Opened by Bartok at Daniel's request, in response to Teknium's invitation to @catalinmpit for a security review of the egress proxy (NousResearch#30179). Teknium's prompt was essentially "can we get a security review of how Hermes' egress proxy holds up in a real deployment?" — and Catalin's public deployment described the shape this PR encodes as the catalin baseline:

"I've deployed my Hermes agent on a Hetzner VPS — locked behind Tailscale, UFW default-deny, Cloudflare in front, and fail2ban watching SSH. The only thing exposed is what I explicitly allow." — @catalinmpit

This PR turns that ad-hoc perimeter into a first-class, surveyable baseline that composes with the existing sandbox-egress isolation.


Note

Low Risk
Read-only probes and an informational CLI that always exit 0; no changes to auth, egress enforcement, or proxy startup gating.

Overview
Adds hermes egress harden, a read-only host security survey that complements hermes egress doctor: it probes perimeter controls (Tailscale, UFW/firewalld/nftables, fail2ban, SSH settings, Docker seccomp) and two iron-proxy runtime checks via get_status(), then reports pass/fail/warn/skip with optional remediation hints.

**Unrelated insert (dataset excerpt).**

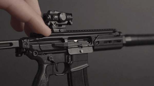 K dalším interaktivním prvkům patří sklopná pažba a tlumič, který je možné našroubovat na úsťové zařízení, stejně jako u originálu. Nemůžeme také opomenout dodávaný kolimátor.

New agent/proxy_sources/host_hardening.py implements ten stdlib-only probes (4s timeouts, missing tools → skip), survey_host(), and baseline evaluation with OR-groups for “any firewall” on minimal, catalin, and paranoid. hermes_cli/proxy_cli.py wires the subcommand with --baseline, --json, and --all (gaps-only by default); the command always exits 0 (informational, does not gate deploys).

25 hermetic tests in tests/test_iron_proxy_harden.py and docs (hardening-baselines.md, CLI reference, iron-proxy cross-link) document signals and baselines.

Reviewed by Cursor Bugbot for commit 1b921b1. Bugbot is set up for automated code reviews on this repo. Configure here.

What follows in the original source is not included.